Le proposte dovranno aderire a precisi temi, così come pubblicati nei bandi, ovvero: caratterizzazione genotipica e sequenziamento del genoma dell’agente patogeno Xylella fastidiosa sub specie Pauca ceppo CoDiRo; miglioramento delle tecniche di diagnosi del batterio; suscettibilità varietale del germoplasma olivicolo e miglioramento genetico finalizzato alla resistenza al patogeno;  eziologia del CoDiRo per la valutazione del ruolo e dell’influenza dei diversi agenti patogeni e parassiti coinvolti nella malattia; studio interazioni pianta-batterio per valutare il processo di colonizzazione delle piante ospiti e sviluppo di sistemi di contrasto della capacità colonizzante attraverso le nuove tecnologie; identificazione delle specie ospiti dell’agente patogeno Xylella fastidiosa sub specie Pauca ceppo CoDiRo; indagini epidemiologiche e studio dei potenziali insetti vettori e sulla modalità di trasmissione del batterio; studi e analisi sui fattori ambientali predisponenti la diffusione delle infezioni e sui fattori agronomici per un corretto sviluppo vegeto-produttivo delle piante; implementazione delle metodologie di monitoraggio al fine di agevolare le attività su ampie superfici anche con sistemi informatici; misure di controllo nei confronti sia del batterio che verso i potenziali insetti vettori nel rispetto delle pratiche ecosostenibili.

I tre interventi hanno rispettivamente una dotazione finanziaria complessiva di 1 milione (Codice A), 600 mila (Codice B) e 400 mila (Codice C) di euro.  Le attività di ricerca presentate dovranno avere una durata massima di 36 mesi (Codice A e B) e 18 mesi (Codice C), per un finanziamento a progetto di massimo di 200 mila (Cod.
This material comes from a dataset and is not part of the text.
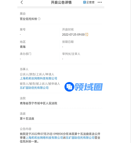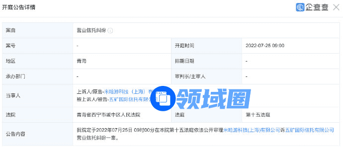 近日,青海省西宁市城中区人民法院定于2022年07月25日09时00分在本院第十五法庭依法公开审理米哈游科技(上海)有限公司、上海莉莉丝网络科技有限公司诉五矿国际信托有限公司“营业信托纠纷”一案引起了外界的广泛关注,网传这次起诉可能与近期五矿信托暴雷的鼎兴系列1号-15号产品有关,总规模超过23亿元。
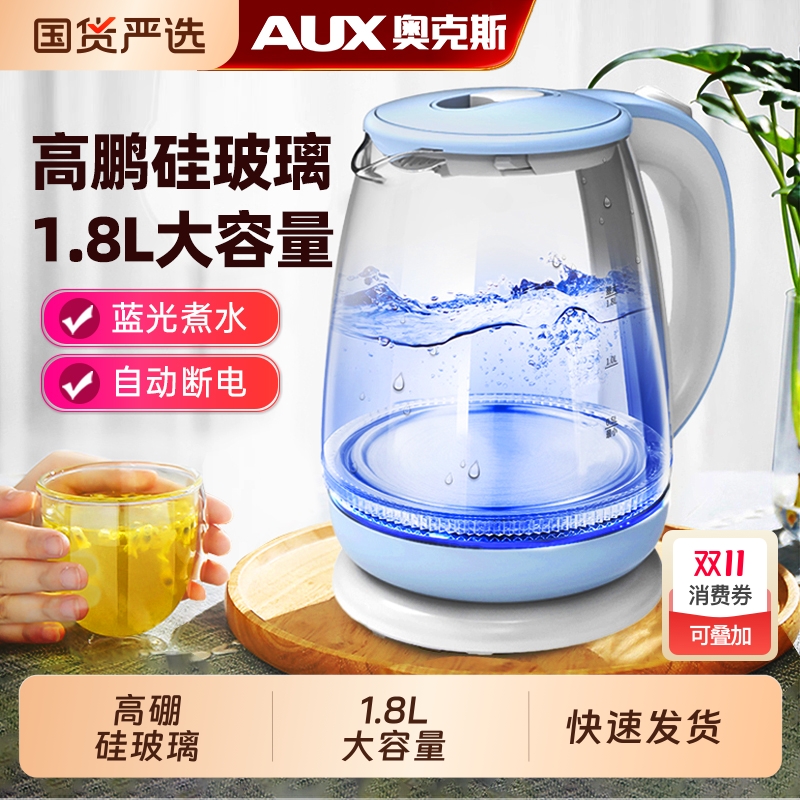 奥克斯电热水壶烧水壶家用高硼硅玻璃透明自动泡煮茶器耐高温蓝光

A e B) e  30 mila euro (Cod. C). Le domande dovranno essere presentate alla Regione Puglia tramite posta certificata elettronica all’indirizzo: ricercagricoltura@pec.rupar.puglia.it, congiuntamente alla proposta di progetto pilota e alla documentazione richiesta, a decorrere dal decimo giorno successivo a quello della pubblicazione del presente avviso nel Burp ( n. 138 del 22 ottobre 2015). L’avviso resterà aperto per un periodo non inferiore a quaranta giorni e, comunque, sino all’esaurimento delle risorse finanziarie disponibili.